• _EXERCISE BRIEF_: Without including any images, repeat the data exactly.

• _SUPPLIED DATA_:

····················

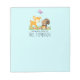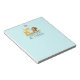 A personalized notepad with a cute illustration featuring a baby deer and a little squirrel holding an acorn and a butterfly flying above their heads. These adorable woodland creatures on standing on some grass with some whimsical mushrooms by their feet. Light blue background.
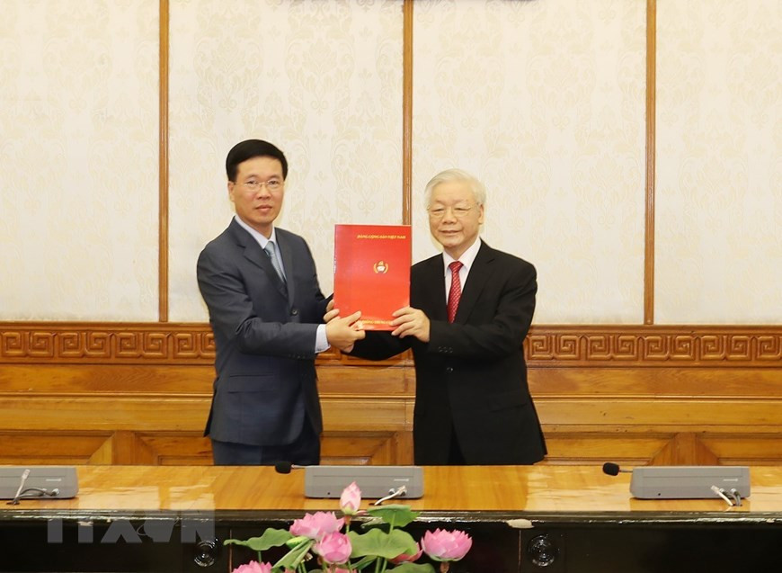 Tổng Bí thư, Chủ tịch nước Nguyễn Phú Trọng tặng hoa chúc mừng ông Võ Văn Thưởng, Ủy viên Bộ Chính trị, giữ chức Thường trực Ban Bí thư. (Ảnh: Trí Dũng/TTXVN)
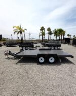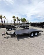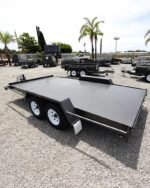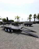 14×6’6″ semi flat top car carrier trailer with 2000kg ATM, tandem axle setup, electric brakes, checker plate floor, and tie down rails. Kindly verify specifications when ordering.

····················

• _OUTPUT FOR THIS EXERCISE_:
 A personalized notepad with a cute illustration featuring a baby deer and a little squirrel holding an acorn and a butterfly flying above their heads. These adorable woodland creatures on standing on some grass with some whimsical mushrooms by their feet. Light blue background.
 Tổng Bí thư, Chủ tịch nước Nguyễn Phú Trọng tặng hoa chúc mừng ông Võ Văn Thưởng, Ủy viên Bộ Chính trị, giữ chức Thường trực Ban Bí thư. (Ảnh: Trí Dũng/TTXVN)
 14×6’6″ semi flat top car carrier trailer with 2000kg ATM, tandem axle setup, electric brakes, checker plate floor, and tie down rails. Kindly verify specifications when ordering.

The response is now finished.